# Wattwürmer auf Fehmarn



## Dorschbande (21. März 2008)

Hallo zusammen,ich habe mal eine Frage zum Wattwurmkauf auf Fehmarn.Schon seit mehreren Jahren werde ich das Gefühl nicht los;+,das in einem bestimmten Geschäft auf Fehmarn die Wattwürmer; (entweder sehr klein, Vorbestellte Menge entweder gar nicht lieferbar, oder nicht so viele) wohl eher an Teilnehmer von Veranstaltungen verkauft werden.|kopfkrat


----------



## noellchen (21. März 2008)

*AW: Wattwürmer auf Fehmarn*

Hallo Dorschbande,

meinst du das Geschäft in Burgstaaken ?

Gruß
noellchen


----------



## Platte (21. März 2008)

*AW: Wattwürmer auf Fehmarn*

Hallo Dorschbande, ich weiß nicht was du für Erfahrungen gemacht hast aber es hört sich so an als wenn du nicht vorbestellt hattest bei deinem Dealer?|kopfkrat
Das würde jedenfalls Erklären das du meinst das Würmer nur für Veranstaltungen vorrätig währen.

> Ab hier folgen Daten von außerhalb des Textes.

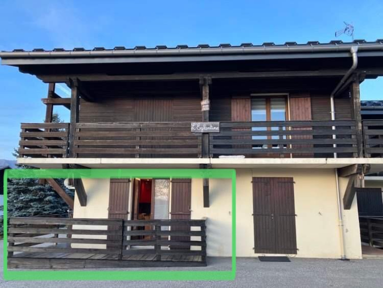 Vous aurez également accès à un casier à skis en sous-sol, un emplacement parking devant la résidence et une terrasse en L avec une vue directe sur la Chaîne des Aravis.

Was die Vorbestellung angeht und keine Würmer vorrätig waren kann ich mir nur erklären wenn Sturm an den Küsten der Wattwurmgräber war und sie nicht raus kommen zum graben oder spühlen.

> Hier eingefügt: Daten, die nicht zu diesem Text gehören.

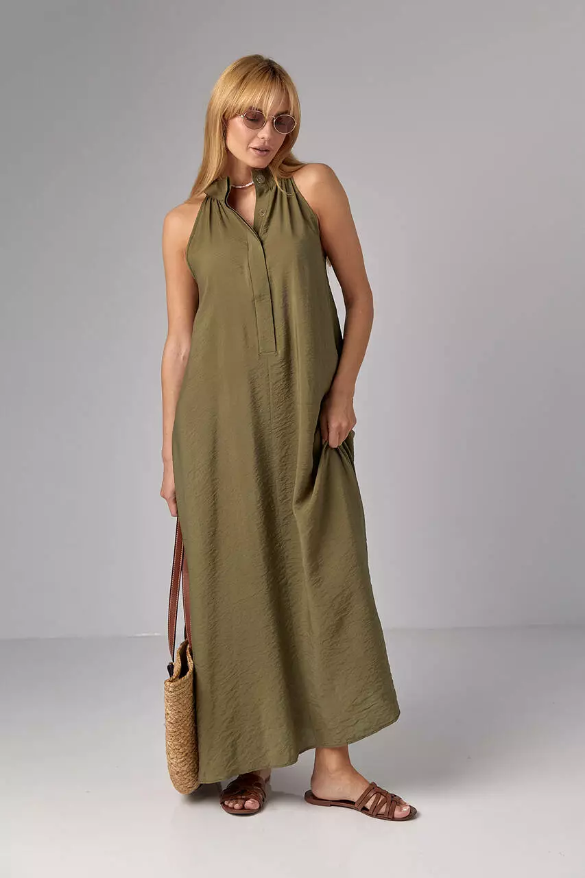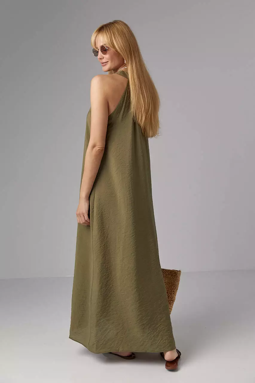 Модель длиной макси сшита из легкой ткани с жатой текстурой и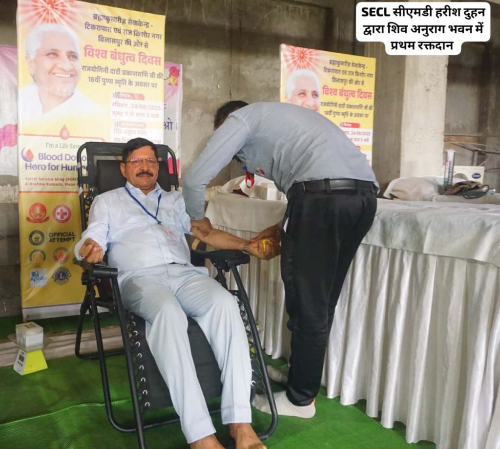 रक्तदान को महान कार्य बताते हुए एस ई सी एल सीएमडी हरीश दुहन ने किया शिव अनुराग भवन में प्रथम रक्तदान

Es handelt sich nun mal um ein Naturprodukt was nicht immer vorrätig sein kann weil man sie nicht züchten kann. 

Das nennt sich dann höhere Gewalt.

Was die Größe angeht haben die Händler keinen Einfluss drauf. 

Was kommt müssen sie nehmen von ihren Lieferanten oder sie haben gar nichts.

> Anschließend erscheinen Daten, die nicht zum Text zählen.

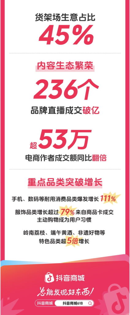 今年618,抖音电商全域增长势能全面释放。数据显示,抖音商城GMV同比增长77%,搜索GMV同比提升56%,货架场生意占比超45%,成为品牌增量核心阵地;优质内容拉动交易爆发,236个品牌直播成交破亿,超53万电商作者成交额同比翻倍。

In der Branche ist es allerdings bei den meisten üblich das wenn alles kleine sind bekommt man meist mehr. zb. anstatt 25 dann 30-35.

Sollte es nicht so sein würde ich persönlich den Händler wechseln:m

lg Platte


----------



## SimonHH (21. März 2008)

*AW: Wattwürmer auf Fehmarn*



Platte schrieb:


> Hallo Dorschbande, ich weiß nicht was du für Erfahrungen gemacht hast aber es hört sich so an als wenn du nicht vorbestellt hattest bei deinem Dealer?|kopfkrat
> Das würde jedenfalls Erklären das du meinst das Würmer nur für Veranstaltungen vorrätig währen.
> 
> Was die Vorbestellung angeht und keine Würmer vorrätig waren kann ich mir nur erklären wenn Sturm an den Küsten der Wattwurmgräber war und sie nicht raus kommen zum graben oder spühlen.
> ...





dem ist so nix mehr hinzuzufügen!


----------



## Dorschbande (22. März 2008)

*AW: Wattwürmer auf Fehmarn*

Wir bestellen die Würmer schon vor! Nur nervt es ,wenn man wie wir nur einmal im Jahr nach Fehmarn kommt. Trotzdem vielen Dank für die Info


----------



## Platte (22. März 2008)

*AW: Wattwürmer auf Fehmarn*

Du hast 3 bzw ab 15.4.08 4 Anlaufstellen auf der Insel wo du Würmer bekommst. Versuche doch einfach wenn sie keine haben bei jemand anderen.


----------



## Dorschbande (22. März 2008)

*AW: Wattwürmer auf Fehmarn*

Wer ist denn der vierte? Gruß Dorschbande


----------



## Dorsch_Freak (22. März 2008)

*AW: Wattwürmer auf Fehmarn*

ich kenne auf der insel auch nur 2 angelläden. einmal baltic köln in burgstaaken und dann den laden neben penny in burg(@platte: da arbeitest du doch oder nicht?)


----------



## Kistenmann (22. März 2008)

*AW: Wattwürmer auf Fehmarn*

Also ich kaufe meine Wattis am liebsten bei Angelsport Eberhardt in Petersdorf


----------



## Der Goldaal (22. März 2008)

*AW: Wattwürmer auf Fehmarn*

Hi, also wir haben auch öfter mal Probleme mit den Wattis bezüglich der Qualität (allerdings nicht auf Fehmarn). Aber wie wäre es dann mal mit selber Plümpern. Ist doch auf Fehmarn und vor Fehmarn fast kein Problem oder????!!!! Wenn ich mir die Preisanstiege der letzten Jahre so anschaue, dann ist es auf jeden Fall ein Überlegung wert. Zugegeben wir machen es auch nicht und ärgern uns dann (manchmal) lieber über die "Würmchen".


----------



## Steffen23769 (22. März 2008)

*AW: Wattwürmer auf Fehmarn*



Platte schrieb:


> Was die Größe angeht haben die Händler keinen Einfluss drauf.
> 
> Was kommt müssen sie nehmen von ihren Lieferanten oder sie haben gar nichts.
> 
> ...



@Goldaal:
Lies mal obiges Zitat... Kleine Würmers wird es immer mal wieder geben, egal wer die nun aus Holland oder Dänemark anliefert.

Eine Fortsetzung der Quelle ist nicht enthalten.